Your instructions >> All of the listing should be returned as written, apart from any picture in it.

Information supplied >>
[Start of Attachment]

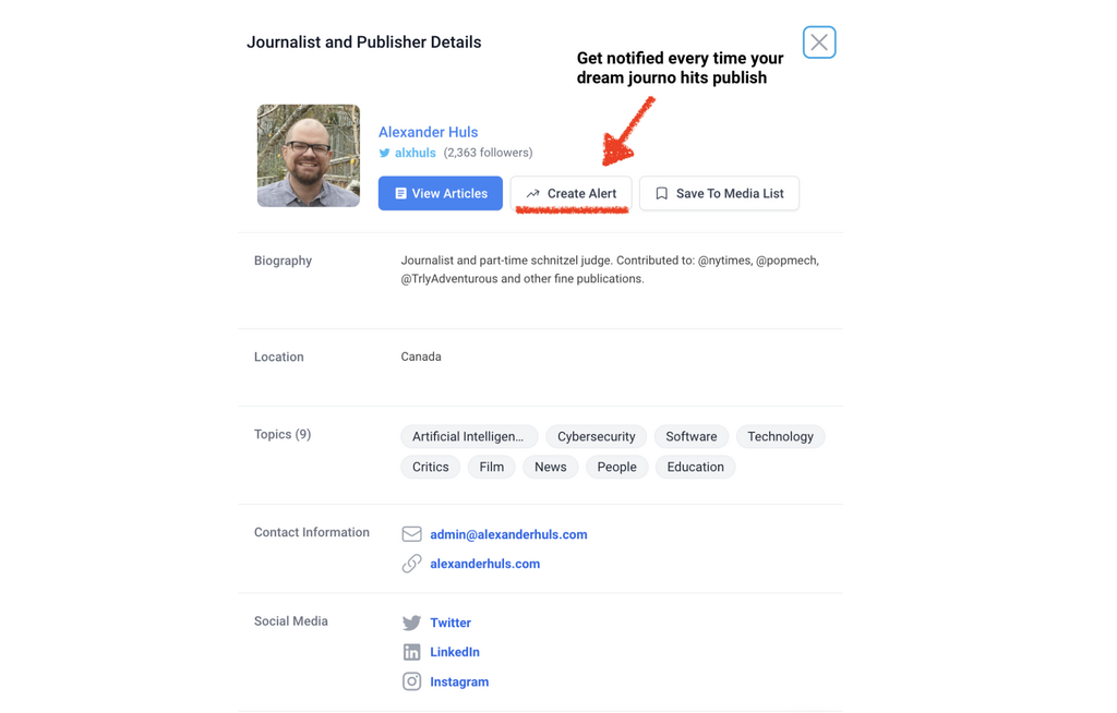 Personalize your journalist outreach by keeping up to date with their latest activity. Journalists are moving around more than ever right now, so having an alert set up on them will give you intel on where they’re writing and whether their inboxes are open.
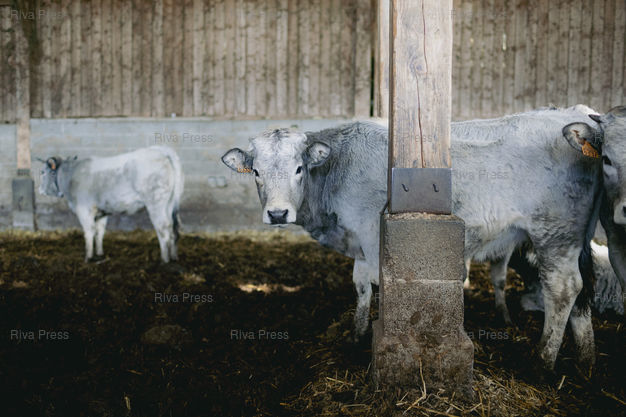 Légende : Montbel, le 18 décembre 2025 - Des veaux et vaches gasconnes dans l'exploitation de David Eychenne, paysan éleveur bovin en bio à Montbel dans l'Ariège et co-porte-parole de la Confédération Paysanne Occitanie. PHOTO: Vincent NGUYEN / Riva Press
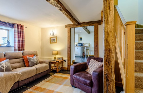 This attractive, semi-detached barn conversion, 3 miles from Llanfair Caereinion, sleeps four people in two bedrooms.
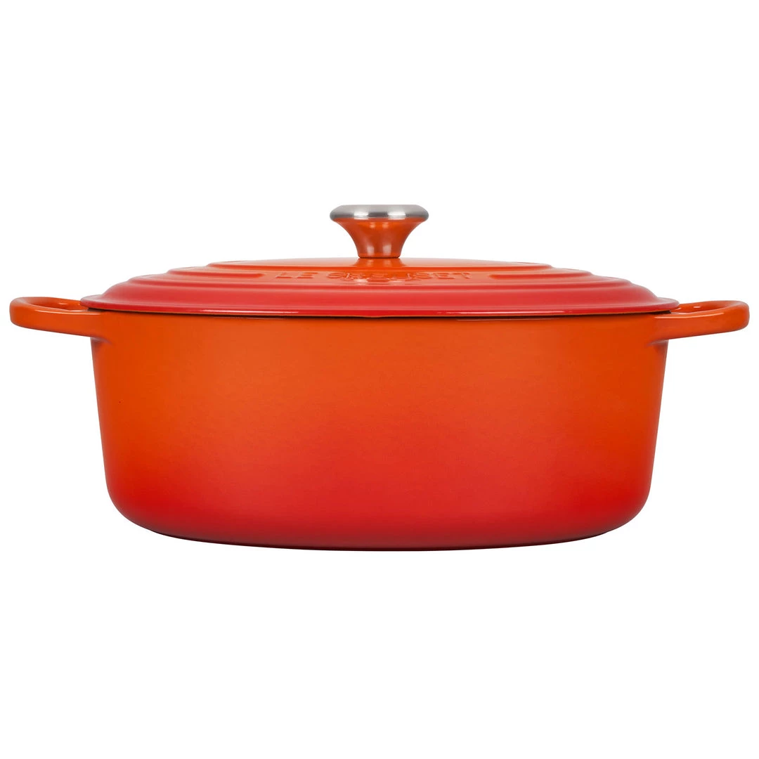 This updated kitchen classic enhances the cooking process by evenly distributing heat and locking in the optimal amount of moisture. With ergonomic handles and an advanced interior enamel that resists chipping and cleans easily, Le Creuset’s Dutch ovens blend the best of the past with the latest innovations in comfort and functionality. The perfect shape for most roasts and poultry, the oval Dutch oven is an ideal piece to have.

[End of Attachment]

Written response >>
 Personalize your journalist outreach by keeping up to date with their latest activity. Journalists are moving around more than ever right now, so having an alert set up on them will give you intel on where they’re writing and whether their inboxes are open.
 Légende : Montbel, le 18 décembre 2025 - Des veaux et vaches gasconnes dans l'exploitation de David Eychenne, paysan éleveur bovin en bio à Montbel dans l'Ariège et co-porte-parole de la Confédération Paysanne Occitanie. PHOTO: Vincent NGUYEN / Riva Press
 This attractive, semi-detached barn conversion, 3 miles from Llanfair Caereinion, sleeps four people in two bedrooms.
 This updated kitchen classic enhances the cooking process by evenly distributing heat and locking in the optimal amount of moisture. With ergonomic handles and an advanced interior enamel that resists chipping and cleans easily, Le Creuset’s Dutch ovens blend the best of the past with the latest innovations in comfort and functionality. The perfect shape for most roasts and poultry, the oval Dutch oven is an ideal piece to have.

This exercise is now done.